◆ Exercise requirements ◆
Out of the records below, copy all lines in which the word "Prangli" occurs.

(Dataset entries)
▼

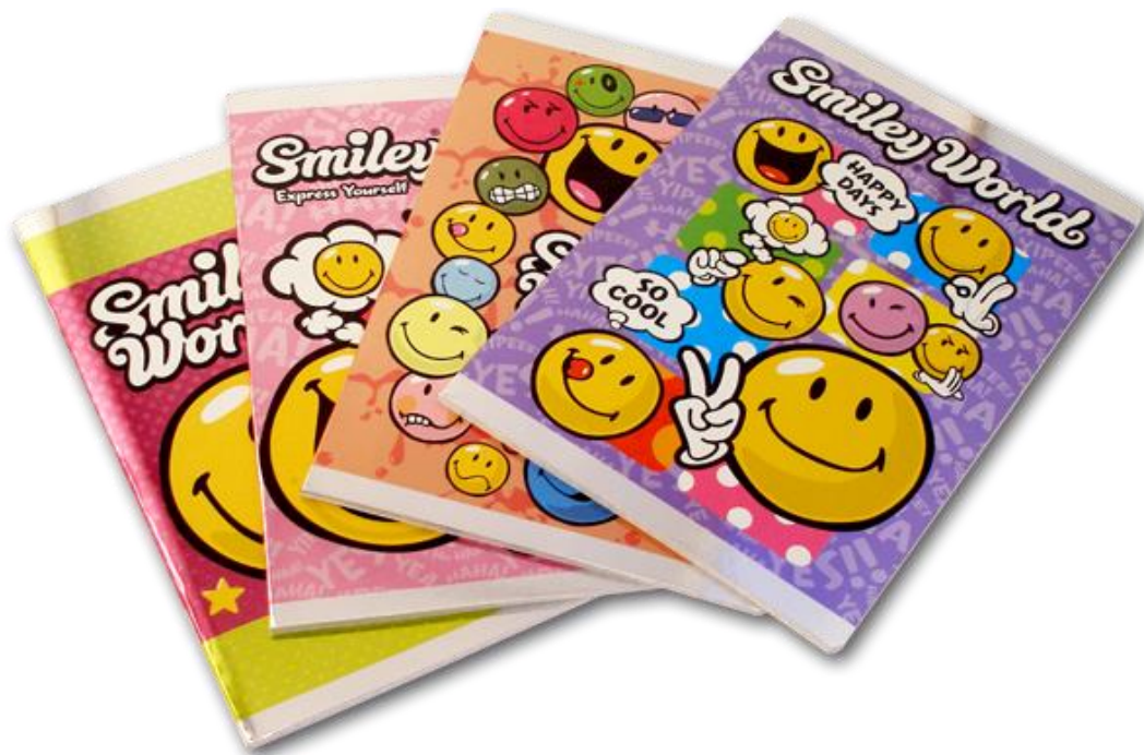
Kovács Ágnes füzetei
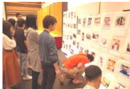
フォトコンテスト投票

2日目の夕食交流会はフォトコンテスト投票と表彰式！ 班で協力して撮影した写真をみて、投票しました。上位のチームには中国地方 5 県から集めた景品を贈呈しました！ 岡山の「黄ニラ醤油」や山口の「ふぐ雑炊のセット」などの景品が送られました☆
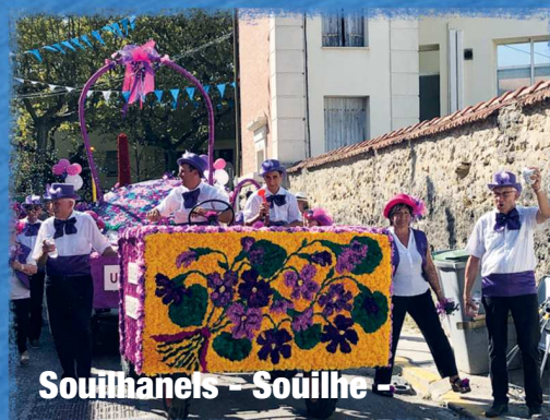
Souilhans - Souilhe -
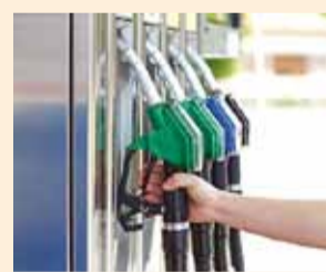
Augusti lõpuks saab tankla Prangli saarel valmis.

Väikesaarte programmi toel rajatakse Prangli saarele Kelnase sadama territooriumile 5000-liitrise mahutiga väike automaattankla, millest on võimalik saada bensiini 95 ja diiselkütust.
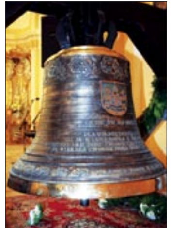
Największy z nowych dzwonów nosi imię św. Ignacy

▲

◆ Output of the exercise ◆
Augusti lõpuks saab tankla Prangli saarel valmis.
Väikesaarte programmi toel rajatakse Prangli saarele Kelnase sadama territooriumile 5000-liitrise mahutiga väike automaattankla, millest on võimalik saada bensiini 95 ja diiselkütust.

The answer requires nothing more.